И сейчас же со своей скамьи вскакивал Назика и говорил:
— А я полагаю, что Карфаген должен существовать!
Карфаген был злейшим врагом Рима, Карфаген был для греков и латинян воплощением всего земного зла, Карфаген стоил римлянам тысячи хлопот и тревог, Карфаген не мог любить ни один италиец, не мог любить его и Назика. Почему же он так упорно и так страстно его защищал и боролся за него с Катоном до последнего? Дело в том, что Карфаген был не просто городом, а символом — символом римской гуманности. Сколько бы раз потом ни возникал вопрос о том, что делать с тем или иным городом или племенем, согрешившим против римлян, всегда можно было сказать: посмотрите на Карфаген. Есть ли во всей вселенной город, который совершил против нас больше преступлений, который был бы более страшным врагом нашего государства? И все-таки он стоит, мы даже не лишили его самоуправления, не обложили данью, и он живет и благоденствует. А вы за незначительный проступок хотите наказать несчастных галлов или иберов! Назика был племянником Великого Сципиона, его зятем и считал себя наследником его политики. Он боялся, что гибель Карфагена может стать началом крутого поворота в римской политике и отказа от принципа гуманности, провозглашенного Сципионом Старшим, и от его идей об управлении миром{109}.

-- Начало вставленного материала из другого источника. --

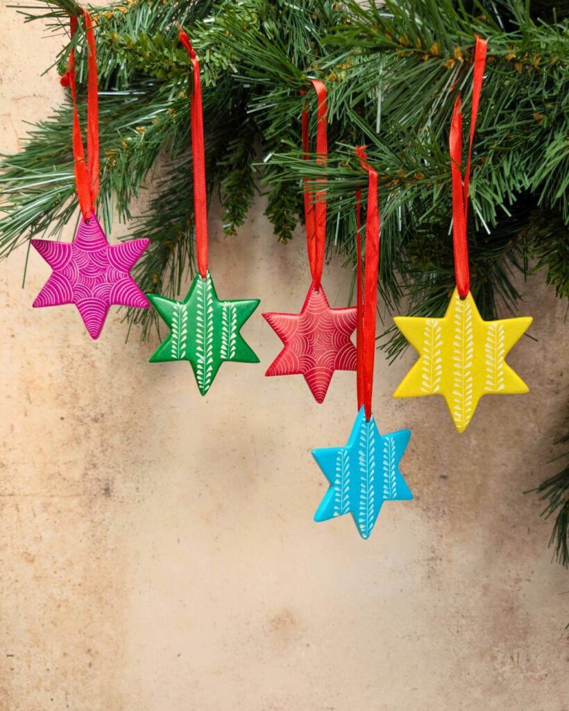 Bring a touch of handmade magic to your festive décor with these vibrant soapstone star decorations. Each star is hand-carved, painted, and etched with unique patterns by the Tabaka Chigware Youth Group in Kenya – finished with a red hanging ribbon, ready to shine on your tree.
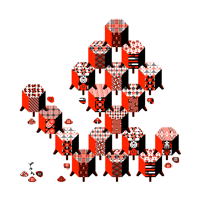 貝桶(雛祭りの貝合せの貝ボックス!) kaioke / pixel traditional shell bucket with crazy stripes #貝桶 #貝合 #貝合わせ #雛祭 #雛祭り #クレイジーストライプ #crazystripes #textiledesign #pixelart #graphicdesign #contemporaryart #ten_do_ten 1109 weeks / tententen.net
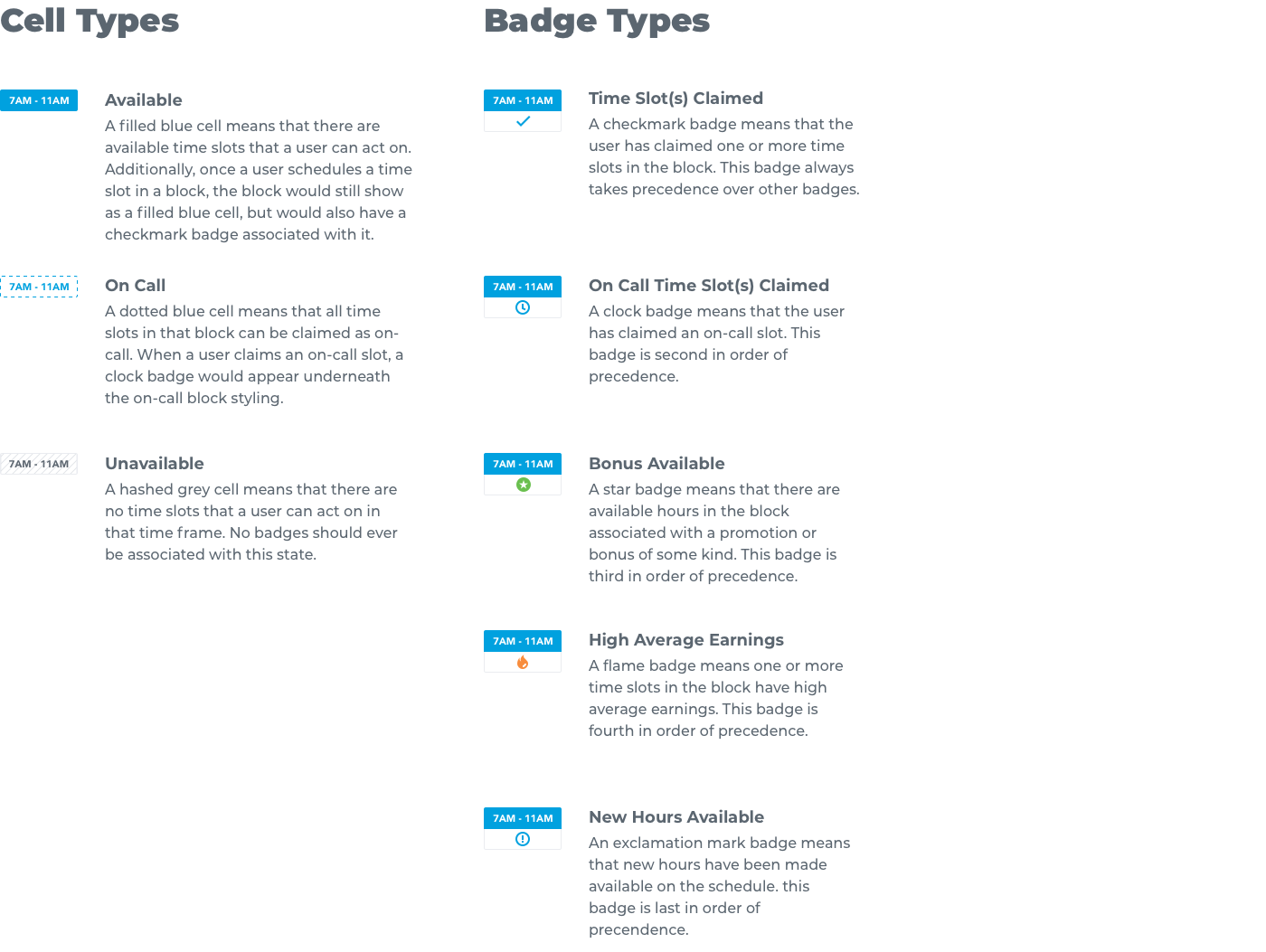 Here’s a more detailed breakdown of the visual design legend for time block cell and badge types:
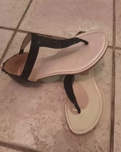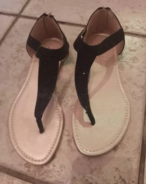 Sandalias. Son negras con piedritas no se despegan brillan muy padre
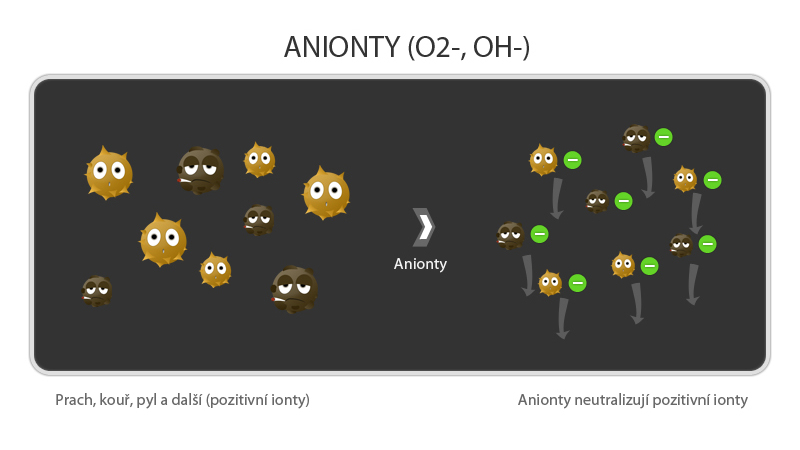 Plazmová čistička s ionizátorem vzduchu, ionizační sprej generující záporné ionty, bezvýměnový filtrační systém, plazmovou vložku je možné mýt v myčce, jednoduchá obsluha pomocí jediného tlačítka, malé rozměry a moderní design
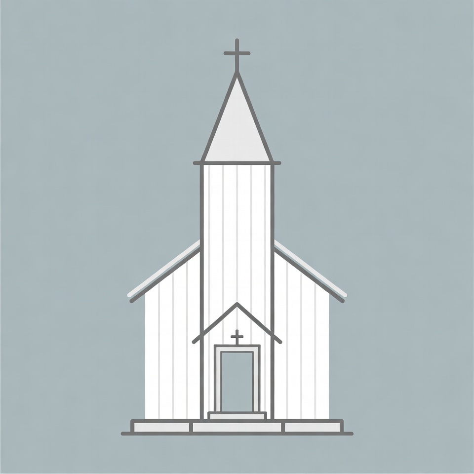 A simple line drawing of a white church with a tall steeple and cross on top. The church features vertical siding, a front door, and a gabled roof, all outlined in white against a light gray background. It stands on a small base with an isolated, minimalist design.
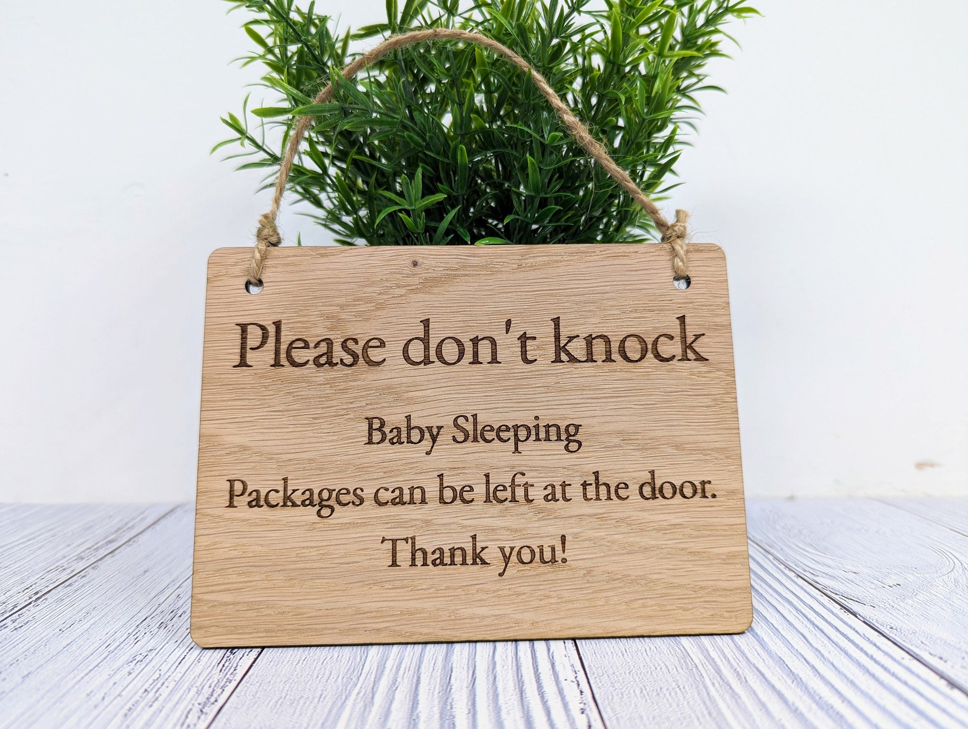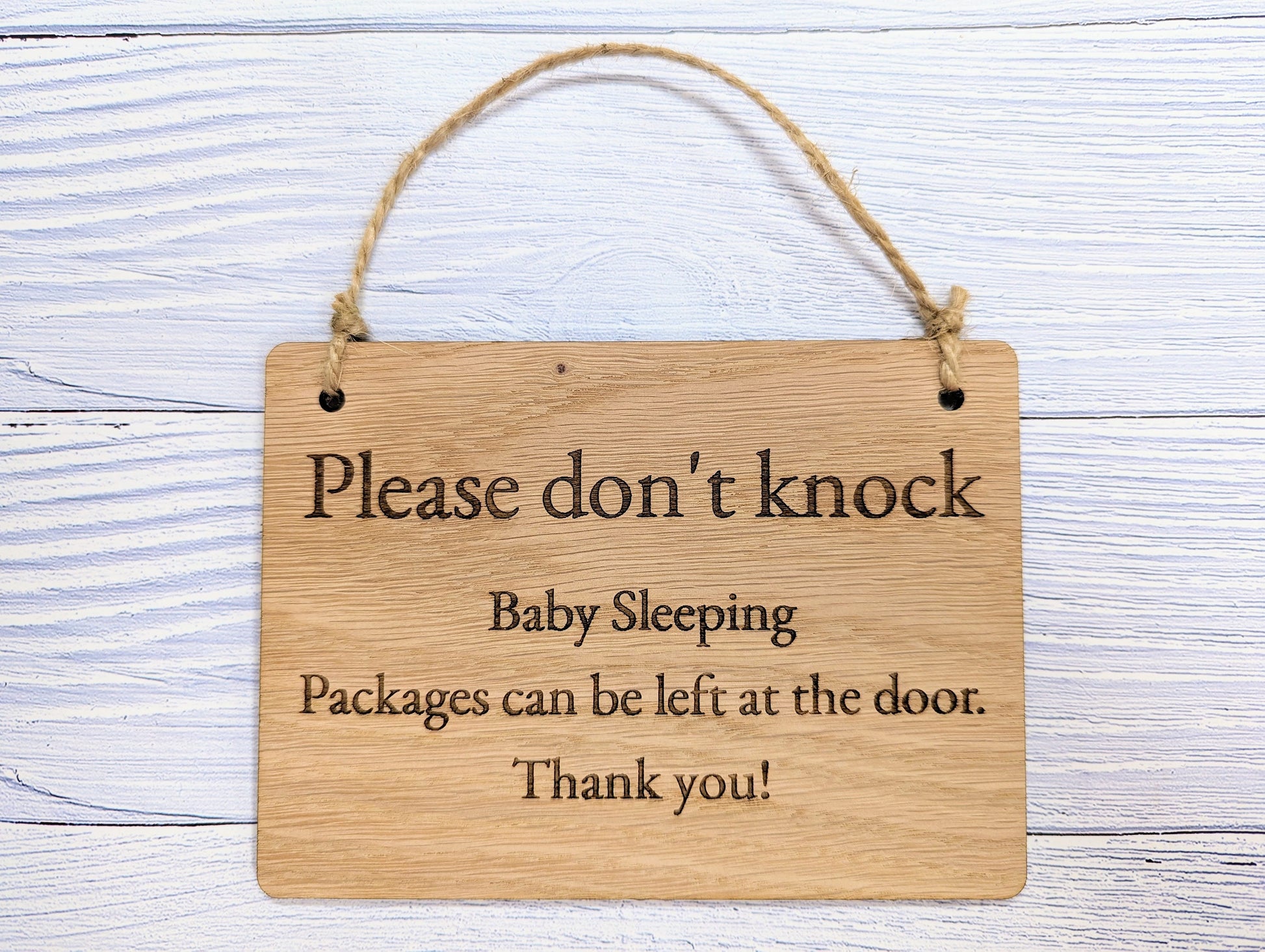 While the standard message reads "Please Don't Knock, Baby Sleeping, Packages can be left at the door," you can personalise this sign with your own text to suit other instances, such as "Working Nights" or "Do Not Disturb."
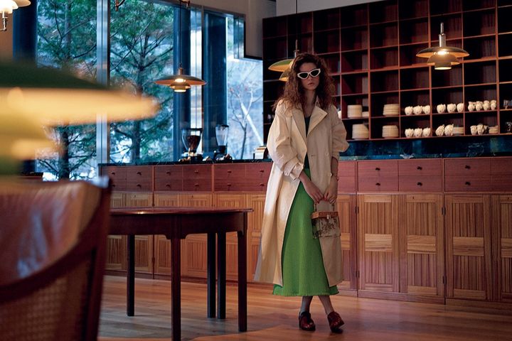 グリーンスカート/アルアバイル 白のアウターとのコントラスト配色で、グリーンのフレッシュさをアップ。しっかりとしたツイード素材だから、可愛い色も子どもっぽく見えず、LADYな仕上がり。
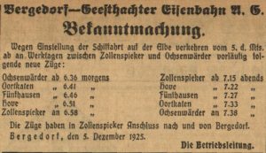Von den Einheimischen wurde dieser Elbstromersatzverkehr offenbar nicht besonders gut angenommen, denn er wurde bald auf drei Werktage reduziert und am 30. Dezember ganz eingestellt (Bekanntmachungen der BGE in der BZ am 12. und 29. Dezember): es war wärmer geworden.
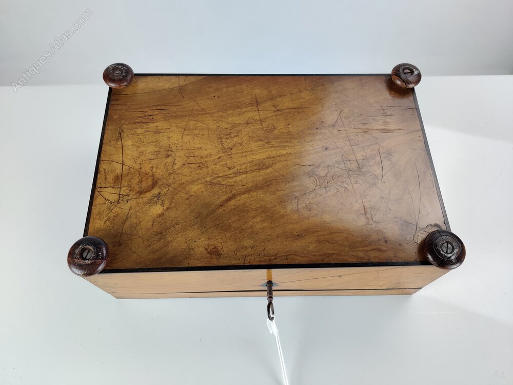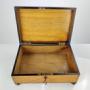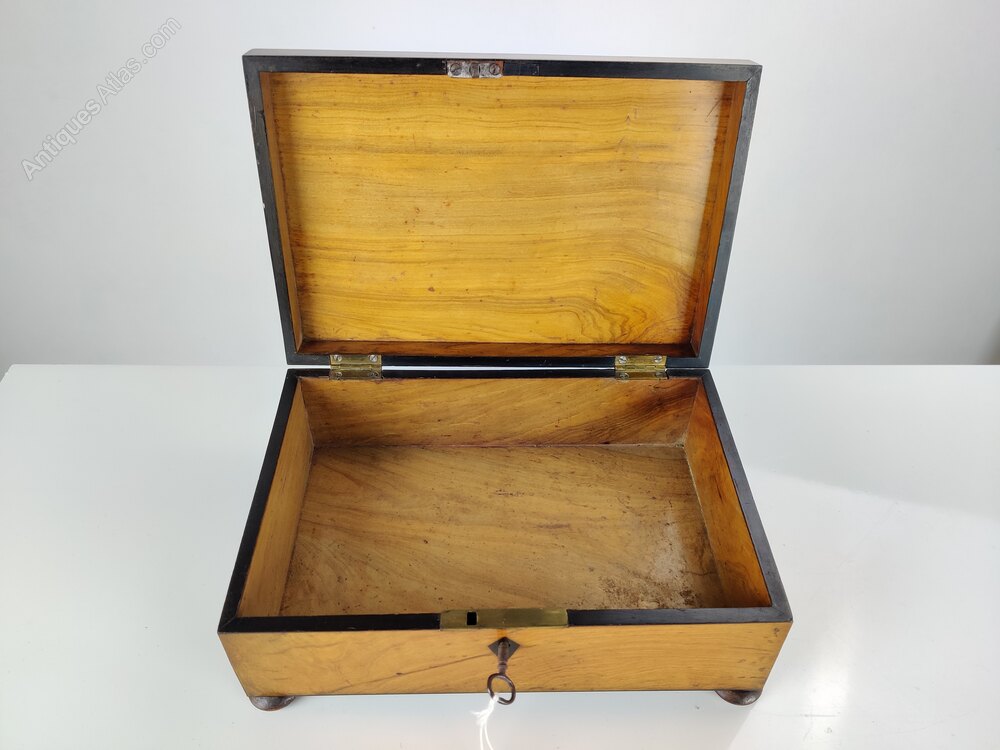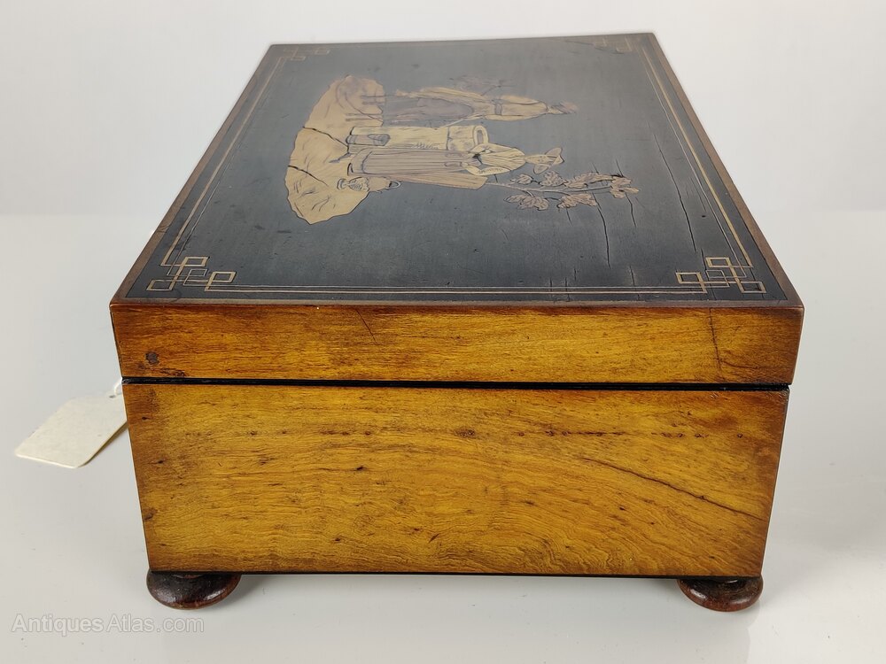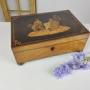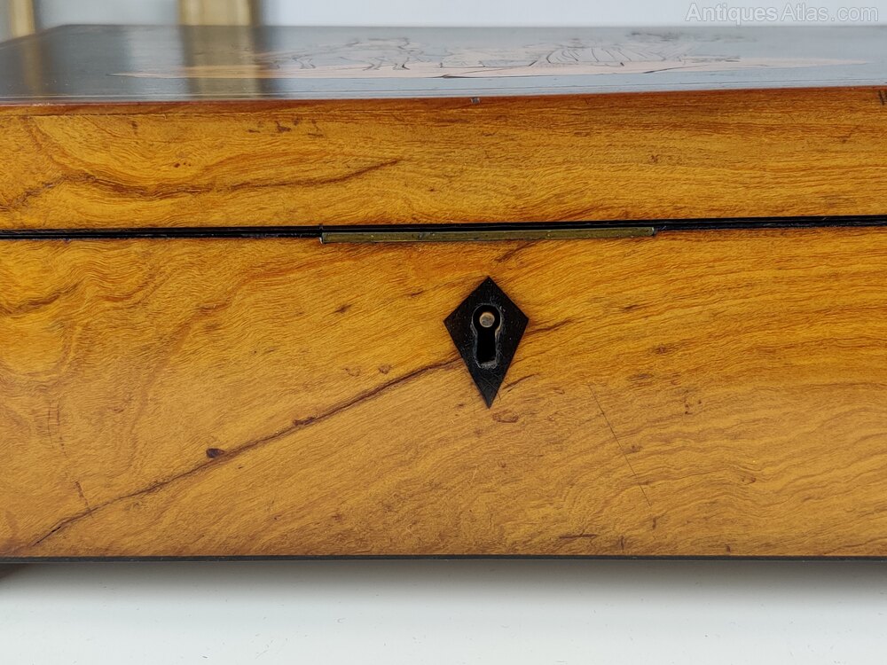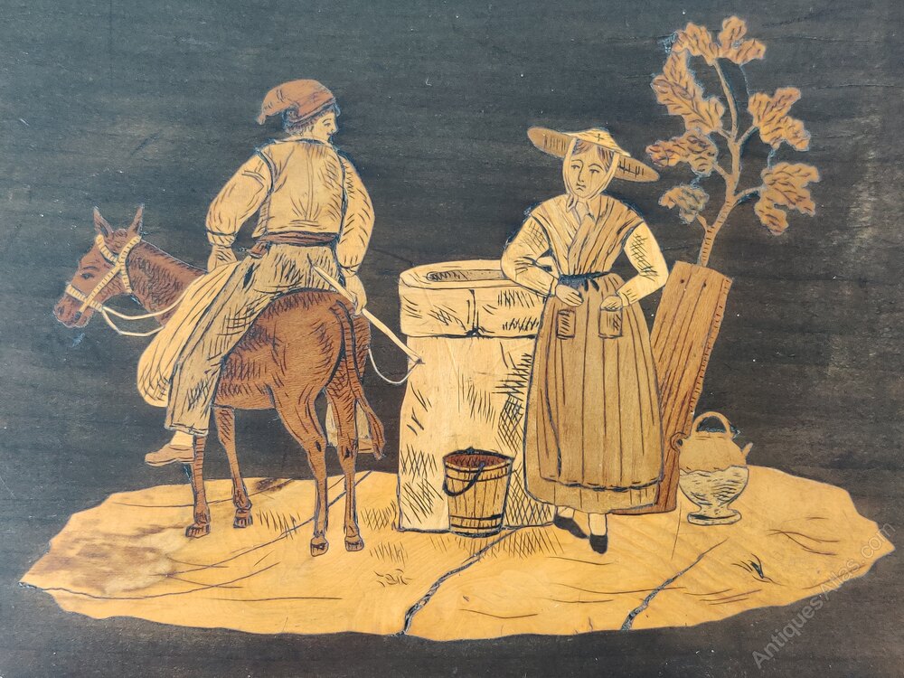 A beautiful example of an early to mid 19th century Sorrento ware box from Italy, made from solid olive wood. This is an early piece and handmade not to be confused with later more modern boxes.This incredible box is in good condition with a key. The figurative group on the top is a mixture of inlaid woods including beautiful green Harewood making up the figures onto solid olive wood. This box would make a wonderful jewellery box.

Можно себе представить, какие яростные битвы ежедневно разыгрывались в сенате. В конце концов каким-то чудом верх взял Назика, и в Карфаген отправилось посольство, чтобы установить мир и справедливость. Но как раз в то время по злой иронии судьбы в пунийском совете окончательно победили демократы во главе с Гасдрубалом и Гесконом. Решено было начать войну. Гасдрубал даже не удостоил римлян аудиенции. На их глазах он отправился во главе войска против Масиниссы, тем самым окончательно порвав в клочья договор Сципиона. Мосты были сожжены (Liv. ер. XLVII–XLVIII).
Но все случилось совсем не так, как предполагал Гасдрубал. Навстречу ему выехал девяностолетний Масинисса и в пух и прах разбил силы демократов. Только теперь карфагеняне осознали весь ужас своего положения. Они разбиты. А они уже объявили войну Риму!.. Всю вину немедленно свалили на демократов. Разъяренная толпа растерзала бы их на куски, но Гасдрубал с товарищами успел бежать. Их заочно приговорили к смерти. Гасдрубал собрал вокруг себя людей, сделался разбойником и стал грабить поля Карфагена (Арр. Lib. 62).